Следует признать, что христианство установило взгляд на женщину как на человеческую личность, имеющую одинаковые с мужчиной значение и права с нравственной, общечеловеческой точки зрения. Отношение мужчины и женщины во всех случаях должно быть проникнуто этим духом; роль ее в семействе или обществе не может уже допускать чего-либо унижающего ее человеческие достоинство. Животный взгляд на женщину, под влиянием которого в ней видят только предмет чувственного наслаждения, исключительно ценят ее половую привлекательность, совершенно противен духу христианства, как замечает А. Надеждин, автор сочинения «Права и значение женщины в христианстве».2 Союз супружеский, а отсюда – и семейная жизнь, установлены и освящены самим Господом еще в раю. Пришедший на землю Сын Божий подтвердил закон супружества. Адам и Ева обладали как бы единой плотью, и Адам взглянул на женщину как на часть своего существа. Единство осмысляется и на уровне духа. Даже твари, созданные Творцом, стояли ниже человека и не могли отвечать его стремлениям. «Не хорошо быть человеку одному, - говорит Господь, - сотворим ему помощника соответственно ему» (Быт 2, 18).

С появлением человека «в его полном составе» явился и закон супружеской жизни. Муж и жена получили заповедь о размножении своего рода, о господстве над всеми тварями и обладании всею землею, а также и заповеди о пище в раю, с известными ограничениями (Быт. 1, 28-29; 2, 17, 3, 2). Таким образом, первобытная чета должна была жить одной жизнью. Она была тесно связана не только внешней, плотской, но и внутренней, нравственной связью. Выражение Бытия «Будут два одна плоть» (Быт. 2, 24) указывает не на односторонность связи первой четы, но на ее близость и неразрывность, в силу которых муж не может, например, унизить жену, не унижая самого себя, не может отделить своих интересов, своей жизни от нее. Такое же поведение должно быть свойственно и жене.

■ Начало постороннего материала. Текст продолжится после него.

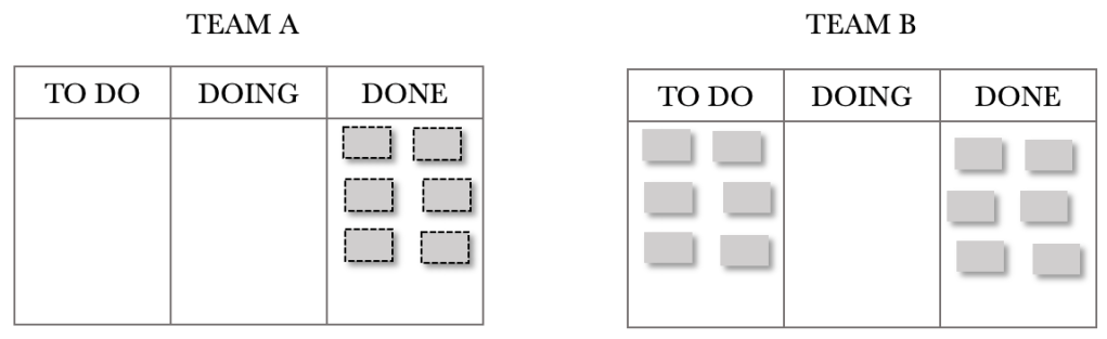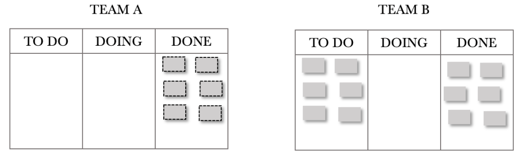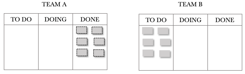 Let’s see how this plays out on the Kanban Boards. The sequence shows the first few days. For the illustration below, I have chosen not to show the 200 backlog items but instead decided to show the requests pulled through on the day. There are no requests shown in Team A’s TO DO because of this. Note that the board position shows the end of the day, so the tickets will appear in the DONE column. I want to convey the build-up of WIP we see in Team B’s TO DO. The end of Day 1 is shown below.
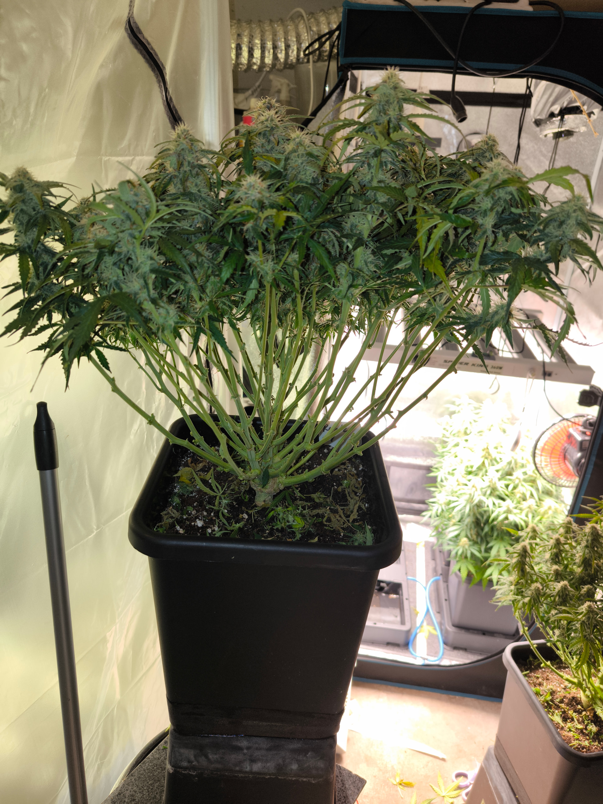 Bubble Gum 2 was relieved of her severe suffering today. And now she lies at my feet for me to remove her last leaves, and I’m performing a wet trim and detaching from the branches directly.
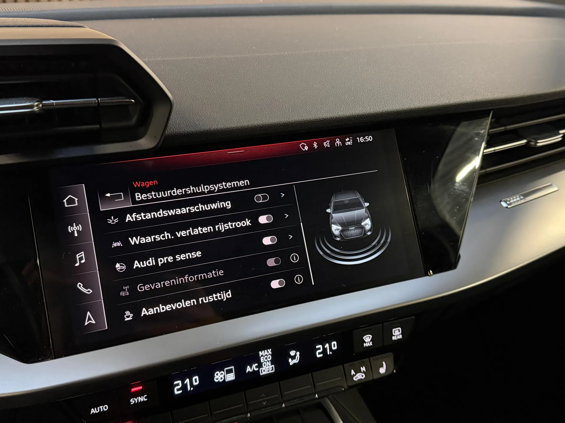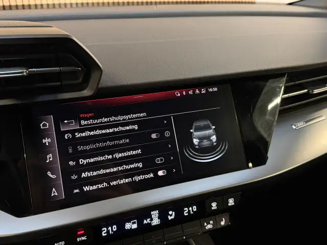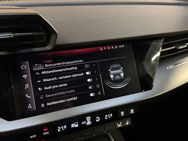 De nieuwste veiligheidssystemen komen in deze Audi A3 Limousine samen. Wat deze auto ook kan, is lezen. Hij 'leest' voor u de verkeersborden tijdens de rit en attendeert u erop door ze op het dashboard te projecteren. Met het Lane-keeping systeem gaat u nooit onbedoeld over de streep. In druk verkeer en onoverzichtelijke situaties helpt het accident avoidance system mee om een aanrijding te vermijden. De veiligheid van deze auto wordt verder verhoogd door brake assist en bandenspanningcontrolesysteem.
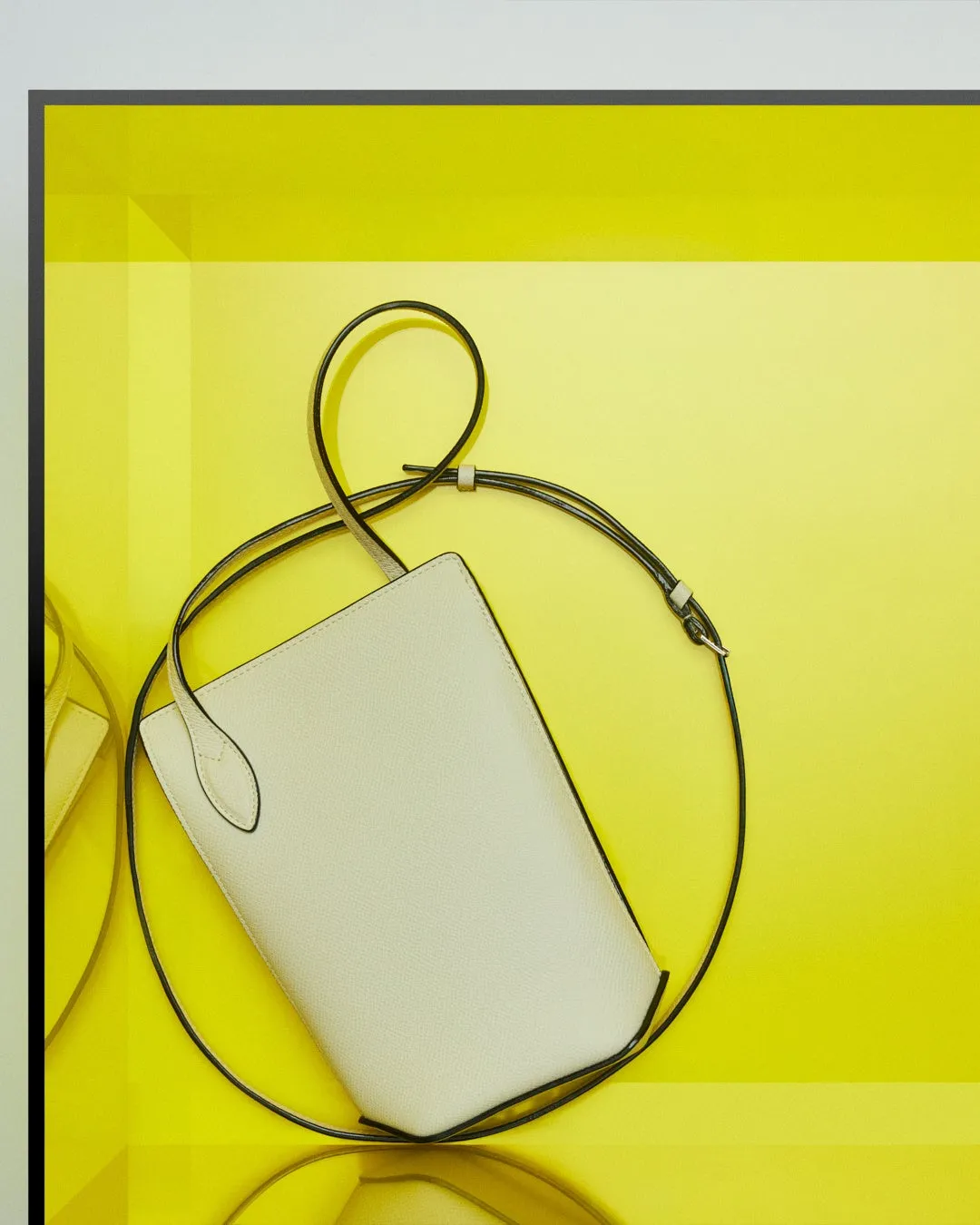 さらに、「Vライン ビューティーケース マイクロ」は、ビューティーケースとクロスボディバッグの機能を融合させた新しいスタイルを提案します。このアイテムは、ミレプンテ ソフトレザーと内部のファブリックのコントラストが、キャンペーンで表現される幾何学的な美しさと共鳴しており、実用性と美を一体として感じさせてくれます。
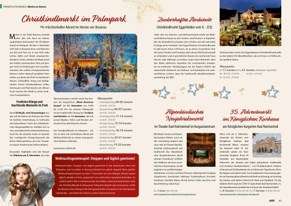 Wenn sich am 2. Adventwochenende die Pforten vom Königlichen Kurhaus Bad Reichenhall öffnen, erwartet die Besucher beim 35. Adventmarkt wieder ein faszinierendes Angebot. Rund 60 Aussteller aus Deutschland, Österreich, der Schweiz und Italien präsentieren traditionelle und moderne Handwerkskunst – von Porzellanmalerei, Töpferei, Schmuck und Schnitzarbeiten bis zu Patchwork, Papierkunst, Floristik, Krippen und vielem mehr. Zur musikalischen Untermalung spielen am Samstag Marina Plereiter mit Harfe und Gesang, am Sonntag Eva Kastner und Sabine Schmid mit Harfe und Hackbrett. Für das leibliche Wohl sorgt der GTEV D’ Saalachtaler Bad Reichenhall e. V., die Hausdekoration gestaltet die Gärtnerei der Staatsbad GmbH. Sa., 6. Dezember, 11:00 bis 17:00 Uhr / So., 7. Dezember, 10:00 bis 17:00 Uhr www. staatsbad-bad-reichenhall. de / adventmarkt
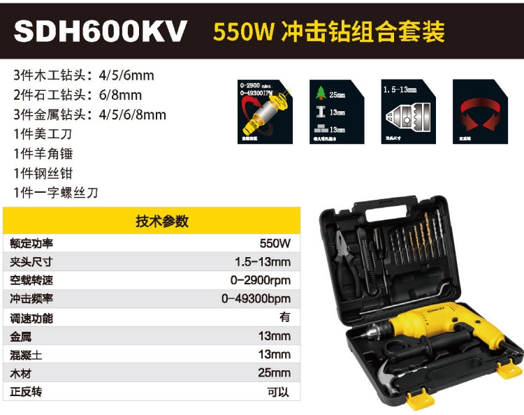 600W 13mm 冲击钻 套装;SDH600KV-A9
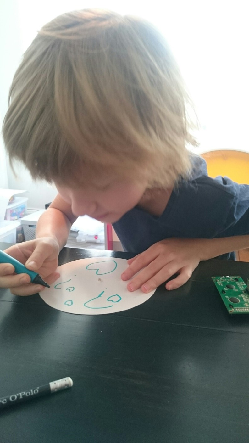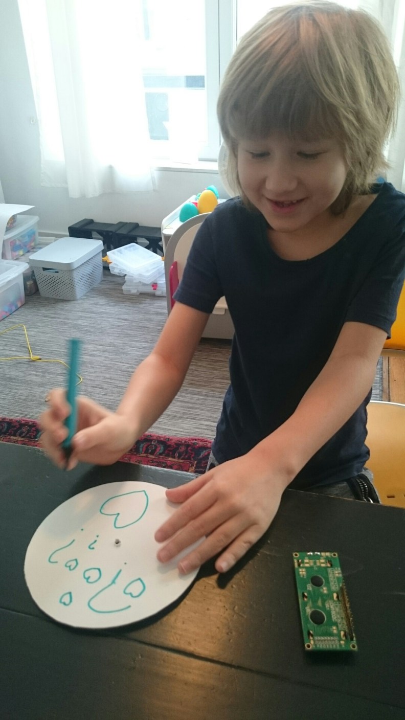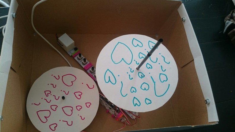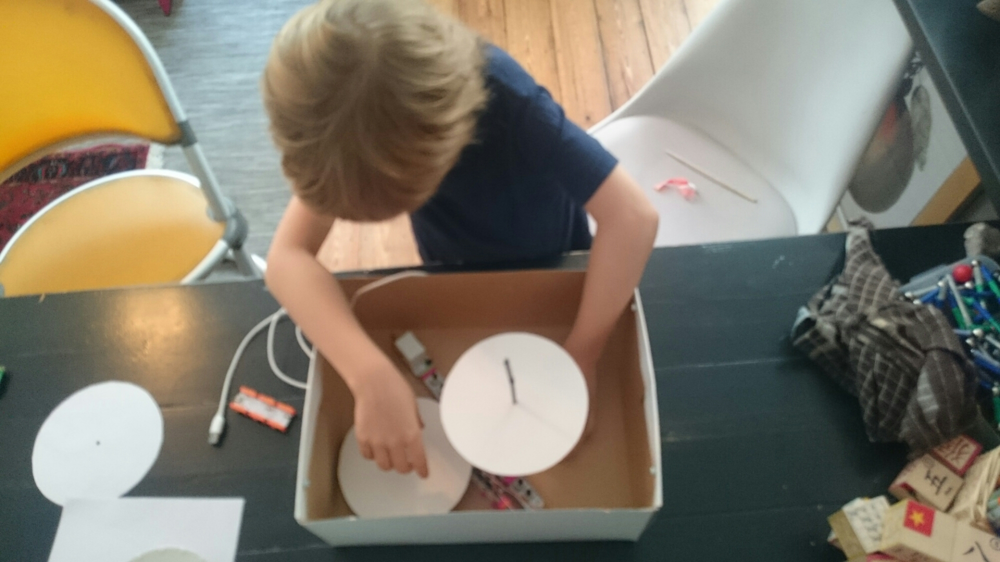 Today Simon tried to make a turn table. But it didn’t turn out exactly the way he wanted it, because various modules from his LittleBits Synth Kit are acting up. Looks like they’ve got a short life span.
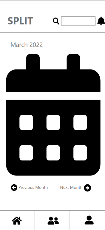 Once a user is on the home page they have a variety of controls and widgets available to them. They have a search bar to look for a person or group that exists within the app. Users also have a calendar that displays any upcoming payments in the future, granted they belong to a group. Users could cycle through months to view previous months’ and near future months’ payments. The reasoning behind the components on this home page is that those are what most people are going to want to view when they use the app.
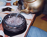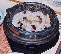 束草の話、韓国の食べ物の話、そして金剛山や白頭山の話などで盛り上がる中、石の器に入ったトルソッパプが現れます。もち米の中になつめや豆や朝鮮人参が入った、とっても健康的に見える食べ物です!口に入れてみます……なつめの仄かな甘味が嬉しい、素朴なる美味であります!!たちまちのうちに食べ尽くし、最後に石にこびりついた“おこげ”にお湯をかけ、お粥のようにしていただきます。これもまた香ばしく、美味でありました!

Если мужчина и женщина составляют собственно две необходимые и равные по своей природе половины целого человеческого существа (Быт, 1, 27), то соединение их в браке вполне нормально, равноправно и не может вести к подавлению той или другой половины. Вспомним слова из Евангелия от Матвея: «… и прилепится к жене своей и будут два одной плотью, так что они уже не двое, но одна плоть» (Мф. 19, 5-6). Супружеская связь обязывает ко взаимному согласию, общению и неразъединению. По словам апостола Павла, ни муж без жены, ни жена без мужа немыслимы (1 Кор. 11, 11), уклоняться им друг от друга уже нельзя без взаимного согласия (1 Кор. 7, 4-5).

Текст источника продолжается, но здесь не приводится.